I’ve been waiting for this one for a long time (this first novel came out in Japan in 2014), and it would have taken a major misstep for me not to be delighted by it. Spoiler: there was no major misstep. Now admittedly, I can see that it’s not a book for everyone. If your ideal of a fun light novel is along the lines of Sword Art Online or Haruhi Suzumiya, this is not going to be for you. I almost added A certain Magical Index to the list, but I’ll be honest: if you read Index for the political infighting (there must be some who do), this is your sort of book. It will also appeal to fans of Ascendance of a Bookworm, Accomplishments of the Duke’s Daughter and other series heavy on worldbuilding. But most importantly, this will appeal to fans of the classic mystery. Maomao is a reluctant forensic detective, but that is what she is called on to be here, and she excels.
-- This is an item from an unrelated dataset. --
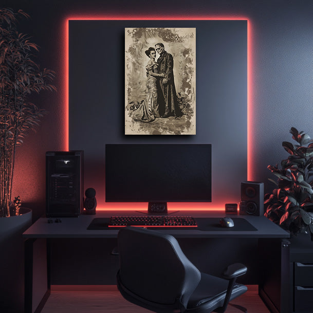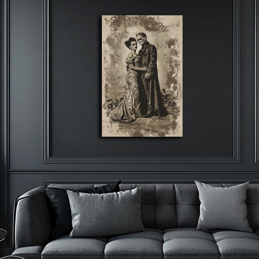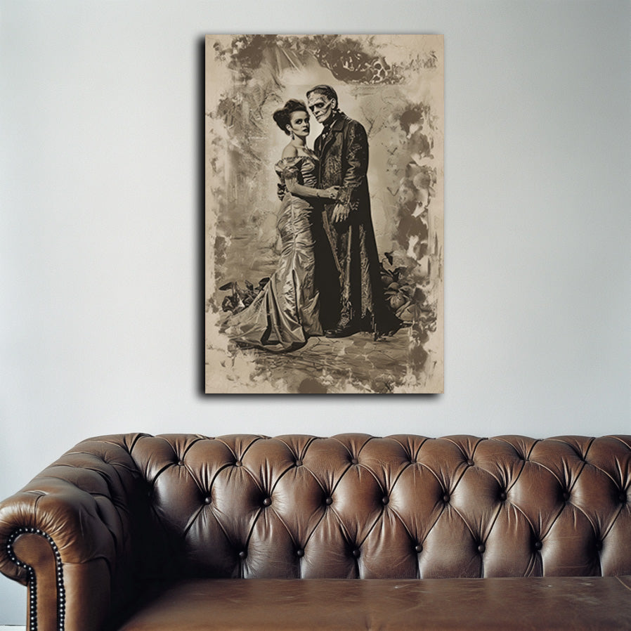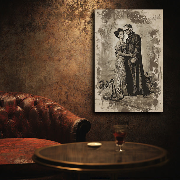 In sepia tones, this eerie portrait of classic horror icons exudes dark romance and vintage charm. This masculine wall art nods to timeless gothic allure, ideal for men who appreciate the beauty within the macabre.

The story opens in the Emperor’s vast royal palace, with our heroine, Maomao, already working there. She was kidnapped while in the woods one day and sold to the palace by “merchants”. For the most part, she does laundry and tries to keep a low profile… till she notices that two of the Emperor’s consorts, and their children, have taken ill with what Maomao (and the reader) can clearly see is mercury poisoning. She tries to subtly convey this, but is discovered by Jinshi, a eunuch who works for the Emperor, and is promoted to be poison tester for the consort whose life she saved. As the book goes on, Maomao finds herself getting involved with more poisonings, assassination attempts, and even standard bullying. The reader, meanwhile, discovers that Maomao is far from the stock shoujo light novel heroine… and even the stoic ones aren’t quite as odd as she is.

As you might guess, Maomao is the number one reason to read this. Her matter-of-fact dialogue and banter with Jinshi is beautiful (the translation shines throughout), and you can see exactly why Jinshi grows so attached to her so fast – she sees through his pretty face for the manipulator he really is, and looks at him “like a worm” – something that I’d say would turn him on if he weren’t a eunuch. (That said, I will not be too surprised if he has a secret to hide about that.) Maomao’s detective work is excellent, both when she’s in her wheelhouse of poisons and also when she’s having to guess motive and opportunity. And, well, she’s weird – curiosity always wins out for her, even when it comes to potentially lethal drugs or foods. I also liked the consorts and the wars between them, from the far too young girl who is passively bullied by her attendants, to the older one with a past to hide, to the sexy one who is on the outs with the Emperor till Maomao gives a very obvious – and hilarious – implied suggestion – as well as Maomao’s own savvy mistress.

The book ends in such a way that it could have been a one-shot, but there are nine volumes to date in Japan, and it has a manga that is being published here by Square Enix. Very much driven by the mysteries and its heroine, I found I was unable to put this book down. Bring on the second volume.